For her efforts, Smith says, she received “thousands and thousands of death threats”—and 6 percent of the vote. She hasn’t decided whether she’ll run again in 2012. But Terry viewed the operation as a resounding success and almost immediately set to work trying to take Smith’s campaign national.

Along with Lewis, Terry has recruited at least two more activists to run for House seats. Angela Michaels announced in July that she was running for Congress in Illinois as a Democrat. According to KMOX St. Louis, after retiring as a nurse Michaels has spent her free time driving around Granite City, Illinois, in a van, offering free ultrasounds.

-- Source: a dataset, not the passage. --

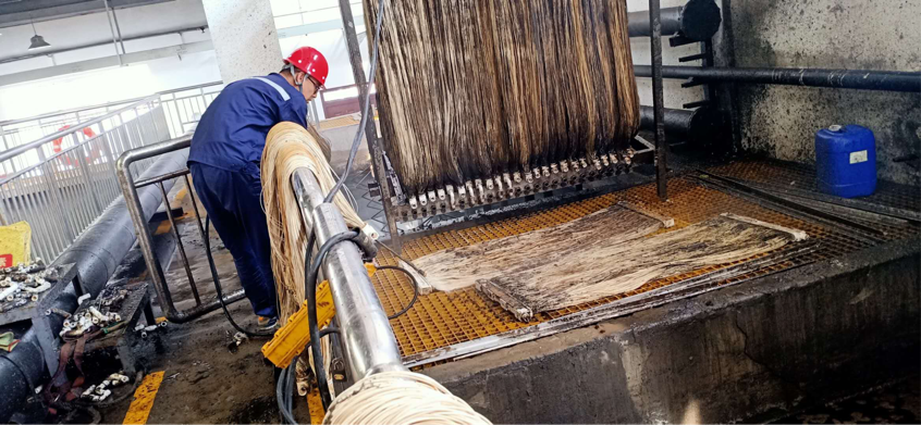 你看,在污水處理站現場(chǎng),檢修人員熟練地將膜組件吊出、拆分,然后用自來(lái)水清洗膜表面附著(zhù)的污泥,之后又吊進(jìn)已配制好清洗液的清洗池內再浸泡兩小時(shí),浸泡完成后,再吊出放回至膜池內,并接好集水管,曝氣管活接,這一工序才算完成。

She and her husband have also made a habit of photographing women who enter Planned Parenthood clinics and then posting the photos online (an act her husband defended thusly: “It’s public record. It’s like if somebody’s going into a grocery store. If they don’t want to get their picture taken, then they shouldn’t get an abortion.”).

Gary Boisclair, who is challenging Rep. Keith Ellison (D-Minn.) in next summer’s primary, is another Terry recruit. He recently had his first advertisement taken down by YouTube. That spot bucked the trend slightly, attacking Ellison’s Muslim faith instead of his pro-choice views. As images of heaped corpses flashed across the screen, Boisclair intoned that Muslims believe Christians “should have their hands and feed cut off, and that they should be crucified.” But while YouTube, a private company, can censor spots it finds indecent or defamatory, broadcast stations don’t have that luxury. Boisclair has said he’ll begin running his anti-Islam and anti-abortion ads when the 45-day window opens and “once my coffers get filled.”

Terry, for his part, is running his own ads in Iowa, but because he’s not yet within the FCC’s grace period, his spots are comparatively tame. He’s also hoping to air a graphic ad during next February’s Super Bowl, although those slots are considerably harder to come by. At his campaign website, he’s posted considerably more graphic ads that he plans to run, if he can get the funding, during primary season.

As for Ohio’s David Lewis, he says his campaign is carrying on exactly as planned. “Starting January I can start running ads,” he says. “And once I get that momentum, literally hundreds of thousands of people are gonna see my ads.”